Reproduce exactly the lines below, from the first one through the line containing "Praktična putna boca", and omit any pictures.

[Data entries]
----
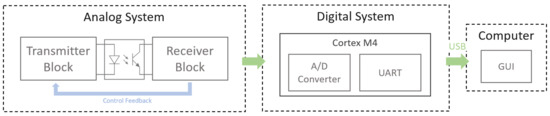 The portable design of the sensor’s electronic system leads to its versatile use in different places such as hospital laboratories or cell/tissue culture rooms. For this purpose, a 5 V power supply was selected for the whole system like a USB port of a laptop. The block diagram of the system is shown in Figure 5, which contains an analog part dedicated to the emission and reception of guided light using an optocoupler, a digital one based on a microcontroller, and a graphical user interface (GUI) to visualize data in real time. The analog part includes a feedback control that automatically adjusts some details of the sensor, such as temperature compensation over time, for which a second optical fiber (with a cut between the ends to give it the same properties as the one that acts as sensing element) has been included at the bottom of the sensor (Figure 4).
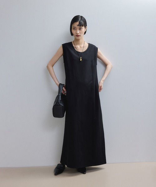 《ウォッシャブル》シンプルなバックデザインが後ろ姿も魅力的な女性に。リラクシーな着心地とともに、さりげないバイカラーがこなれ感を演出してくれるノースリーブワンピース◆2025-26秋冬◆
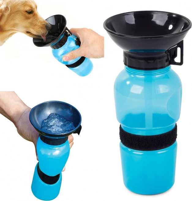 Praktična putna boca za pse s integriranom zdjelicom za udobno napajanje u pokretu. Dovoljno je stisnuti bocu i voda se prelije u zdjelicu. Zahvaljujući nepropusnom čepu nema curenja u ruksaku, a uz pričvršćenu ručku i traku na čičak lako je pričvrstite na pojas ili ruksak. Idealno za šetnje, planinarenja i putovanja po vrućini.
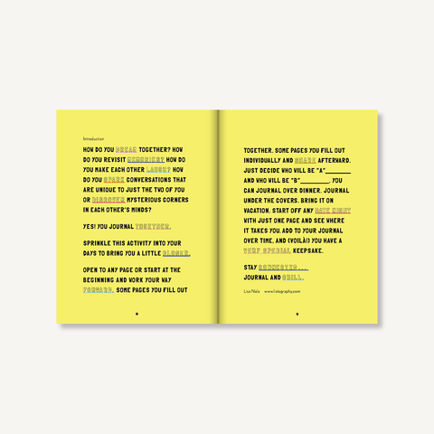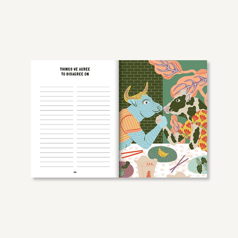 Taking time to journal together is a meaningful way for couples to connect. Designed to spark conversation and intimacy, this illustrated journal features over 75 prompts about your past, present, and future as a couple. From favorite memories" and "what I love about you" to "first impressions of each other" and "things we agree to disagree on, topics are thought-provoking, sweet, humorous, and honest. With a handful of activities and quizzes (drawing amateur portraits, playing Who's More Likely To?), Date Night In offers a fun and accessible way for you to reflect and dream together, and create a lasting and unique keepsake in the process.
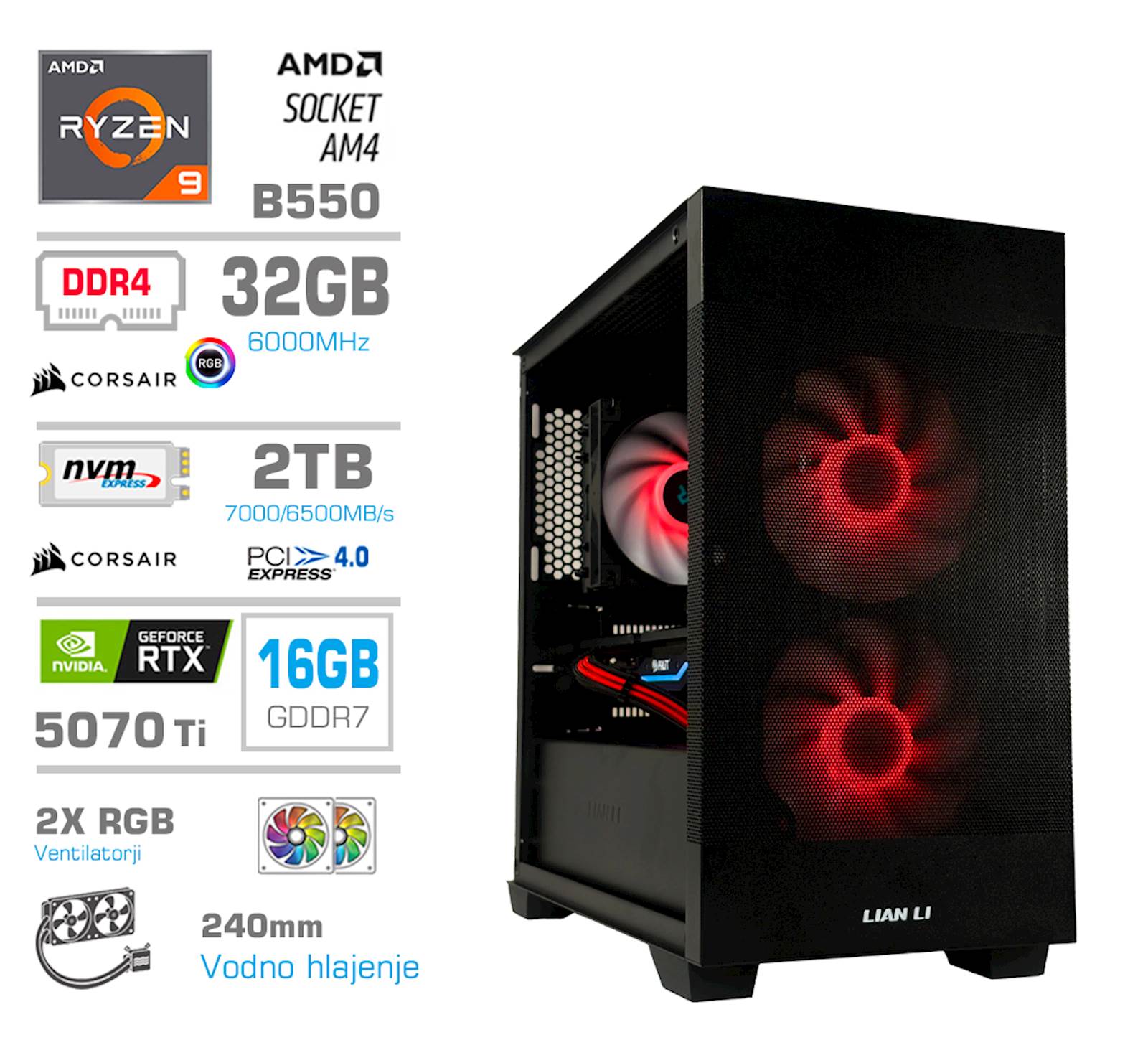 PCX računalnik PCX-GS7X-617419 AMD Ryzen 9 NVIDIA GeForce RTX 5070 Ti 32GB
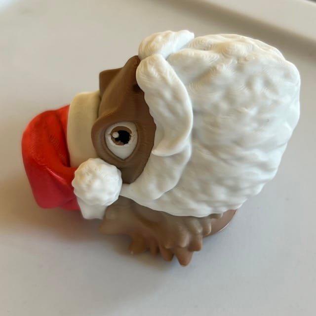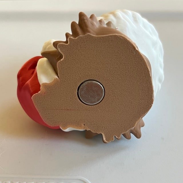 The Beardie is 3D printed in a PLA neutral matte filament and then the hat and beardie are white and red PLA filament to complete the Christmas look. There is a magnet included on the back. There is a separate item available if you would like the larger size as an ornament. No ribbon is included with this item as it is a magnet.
----
__Expected answer__
 The portable design of the sensor’s electronic system leads to its versatile use in different places such as hospital laboratories or cell/tissue culture rooms. For this purpose, a 5 V power supply was selected for the whole system like a USB port of a laptop. The block diagram of the system is shown in Figure 5, which contains an analog part dedicated to the emission and reception of guided light using an optocoupler, a digital one based on a microcontroller, and a graphical user interface (GUI) to visualize data in real time. The analog part includes a feedback control that automatically adjusts some details of the sensor, such as temperature compensation over time, for which a second optical fiber (with a cut between the ends to give it the same properties as the one that acts as sensing element) has been included at the bottom of the sensor (Figure 4).
 《ウォッシャブル》シンプルなバックデザインが後ろ姿も魅力的な女性に。リラクシーな着心地とともに、さりげないバイカラーがこなれ感を演出してくれるノースリーブワンピース◆2025-26秋冬◆
 Praktična putna boca za pse s integriranom zdjelicom za udobno napajanje u pokretu. Dovoljno je stisnuti bocu i voda se prelije u zdjelicu. Zahvaljujući nepropusnom čepu nema curenja u ruksaku, a uz pričvršćenu ručku i traku na čičak lako je pričvrstite na pojas ili ruksak. Idealno za šetnje, planinarenja i putovanja po vrućini.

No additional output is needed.